■ What you should do ■
After locating the line with "A close-up shot" in the entries below, output it and each following line up to and including the line with "扉をくぐって中に入ると、一軒", exactly and without pictures.

■ Material for this task ■
========================================
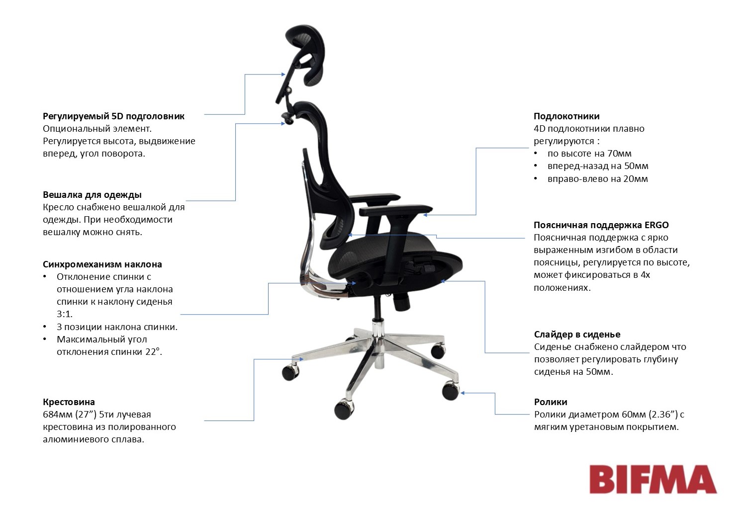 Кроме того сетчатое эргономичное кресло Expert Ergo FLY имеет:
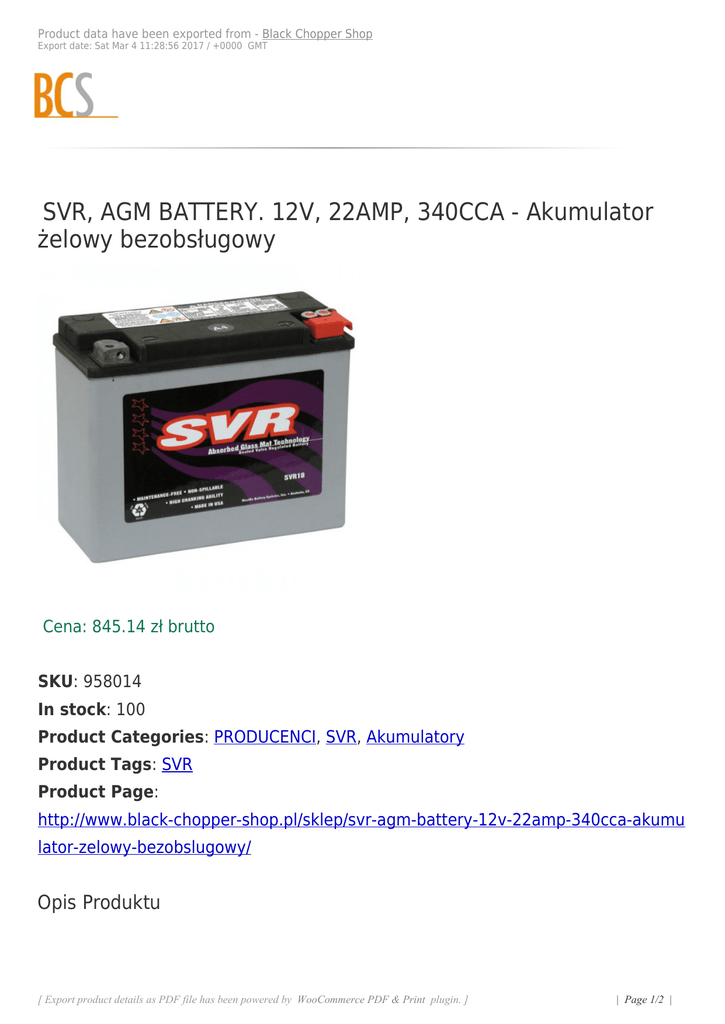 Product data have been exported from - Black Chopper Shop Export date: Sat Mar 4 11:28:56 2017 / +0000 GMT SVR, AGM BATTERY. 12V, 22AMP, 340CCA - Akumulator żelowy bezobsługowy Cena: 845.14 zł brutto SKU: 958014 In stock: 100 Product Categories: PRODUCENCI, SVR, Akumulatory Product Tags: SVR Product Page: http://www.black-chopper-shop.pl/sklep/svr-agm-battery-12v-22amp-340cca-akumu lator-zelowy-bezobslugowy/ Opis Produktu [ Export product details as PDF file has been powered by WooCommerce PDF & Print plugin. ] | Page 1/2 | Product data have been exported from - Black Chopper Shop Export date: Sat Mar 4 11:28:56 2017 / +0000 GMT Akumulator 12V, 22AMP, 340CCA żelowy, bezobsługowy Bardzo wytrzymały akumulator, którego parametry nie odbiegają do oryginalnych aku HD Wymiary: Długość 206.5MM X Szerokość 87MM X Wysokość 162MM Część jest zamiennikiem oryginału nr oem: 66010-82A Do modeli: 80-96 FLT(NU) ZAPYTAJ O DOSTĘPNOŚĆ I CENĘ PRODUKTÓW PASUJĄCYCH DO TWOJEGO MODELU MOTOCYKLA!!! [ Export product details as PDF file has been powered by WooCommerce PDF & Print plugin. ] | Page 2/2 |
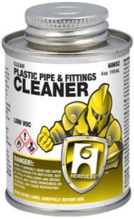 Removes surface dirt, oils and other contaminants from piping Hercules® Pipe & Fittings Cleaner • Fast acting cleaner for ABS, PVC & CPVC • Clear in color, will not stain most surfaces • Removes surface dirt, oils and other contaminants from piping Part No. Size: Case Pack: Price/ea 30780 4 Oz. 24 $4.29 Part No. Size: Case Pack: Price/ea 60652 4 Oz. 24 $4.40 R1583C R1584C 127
========================================
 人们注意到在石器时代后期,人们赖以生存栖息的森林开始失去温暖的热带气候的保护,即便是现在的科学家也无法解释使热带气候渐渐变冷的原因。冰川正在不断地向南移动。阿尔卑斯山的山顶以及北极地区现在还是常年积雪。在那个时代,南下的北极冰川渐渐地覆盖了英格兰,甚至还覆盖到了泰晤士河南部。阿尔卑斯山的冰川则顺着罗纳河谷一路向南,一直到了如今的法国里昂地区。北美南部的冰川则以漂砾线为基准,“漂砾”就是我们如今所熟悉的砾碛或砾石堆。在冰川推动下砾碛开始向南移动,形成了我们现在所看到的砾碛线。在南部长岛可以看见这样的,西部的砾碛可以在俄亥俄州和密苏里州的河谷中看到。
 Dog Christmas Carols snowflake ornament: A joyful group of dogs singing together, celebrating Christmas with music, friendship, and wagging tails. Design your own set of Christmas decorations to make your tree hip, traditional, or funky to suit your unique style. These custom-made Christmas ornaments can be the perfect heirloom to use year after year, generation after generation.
========================================
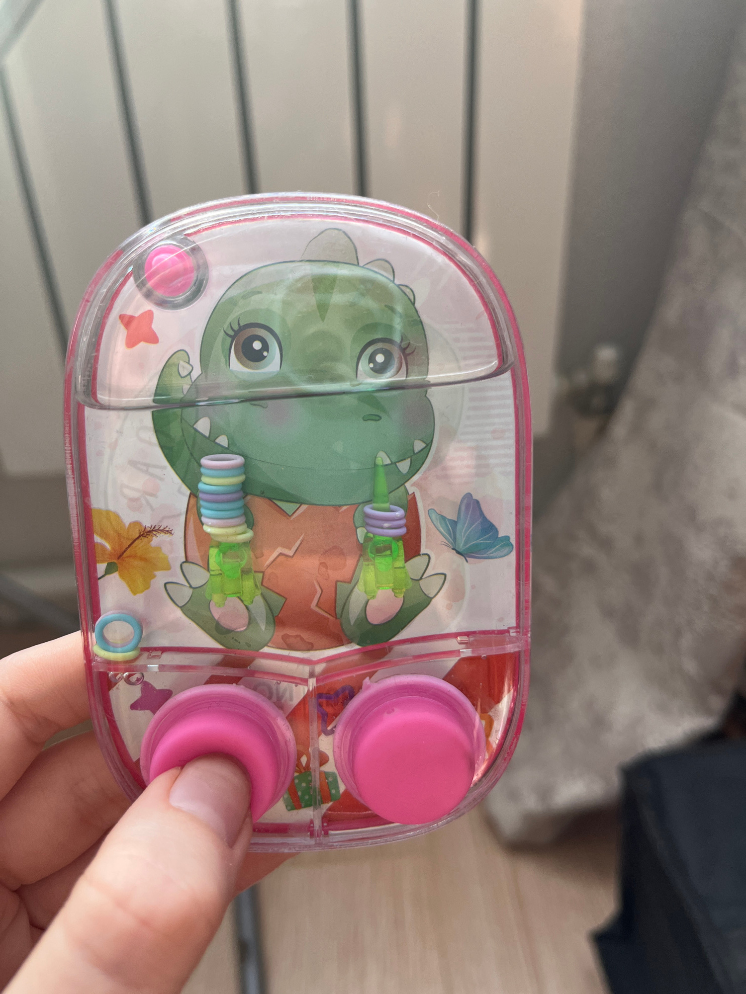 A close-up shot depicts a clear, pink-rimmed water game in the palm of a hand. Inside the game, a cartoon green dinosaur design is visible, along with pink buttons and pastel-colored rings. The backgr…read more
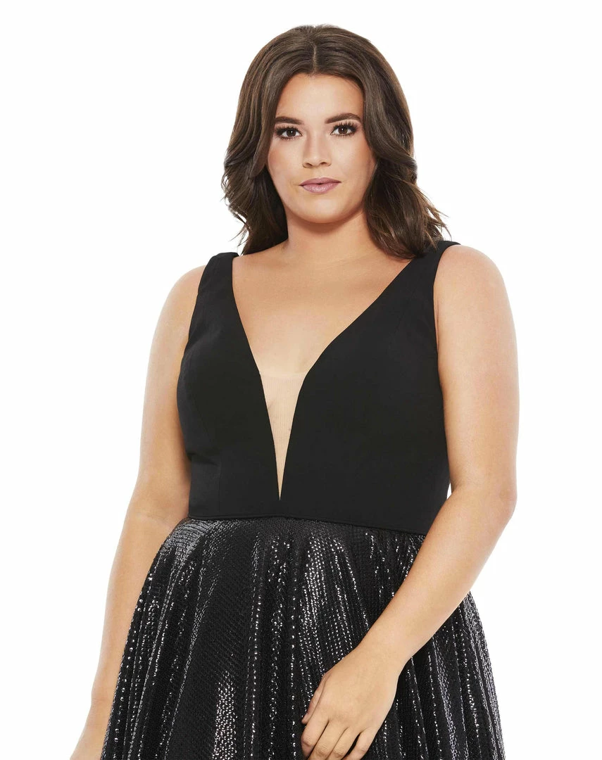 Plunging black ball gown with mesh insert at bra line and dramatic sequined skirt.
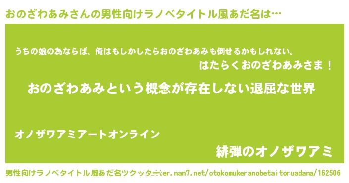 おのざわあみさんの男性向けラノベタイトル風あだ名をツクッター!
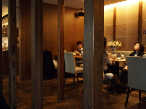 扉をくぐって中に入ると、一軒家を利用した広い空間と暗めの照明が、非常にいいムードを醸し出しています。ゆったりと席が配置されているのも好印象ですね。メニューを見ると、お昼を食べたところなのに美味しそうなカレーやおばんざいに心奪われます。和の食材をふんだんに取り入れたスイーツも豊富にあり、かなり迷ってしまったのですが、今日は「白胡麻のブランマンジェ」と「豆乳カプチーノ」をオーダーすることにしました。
========================================
■ Task solution ■
 A close-up shot depicts a clear, pink-rimmed water game in the palm of a hand. Inside the game, a cartoon green dinosaur design is visible, along with pink buttons and pastel-colored rings. The backgr…read more
 Plunging black ball gown with mesh insert at bra line and dramatic sequined skirt.
 おのざわあみさんの男性向けラノベタイトル風あだ名をツクッター!
 扉をくぐって中に入ると、一軒家を利用した広い空間と暗めの照明が、非常にいいムードを醸し出しています。ゆったりと席が配置されているのも好印象ですね。メニューを見ると、お昼を食べたところなのに美味しそうなカレーやおばんざいに心奪われます。和の食材をふんだんに取り入れたスイーツも豊富にあり、かなり迷ってしまったのですが、今日は「白胡麻のブランマンジェ」と「豆乳カプチーノ」をオーダーすることにしました。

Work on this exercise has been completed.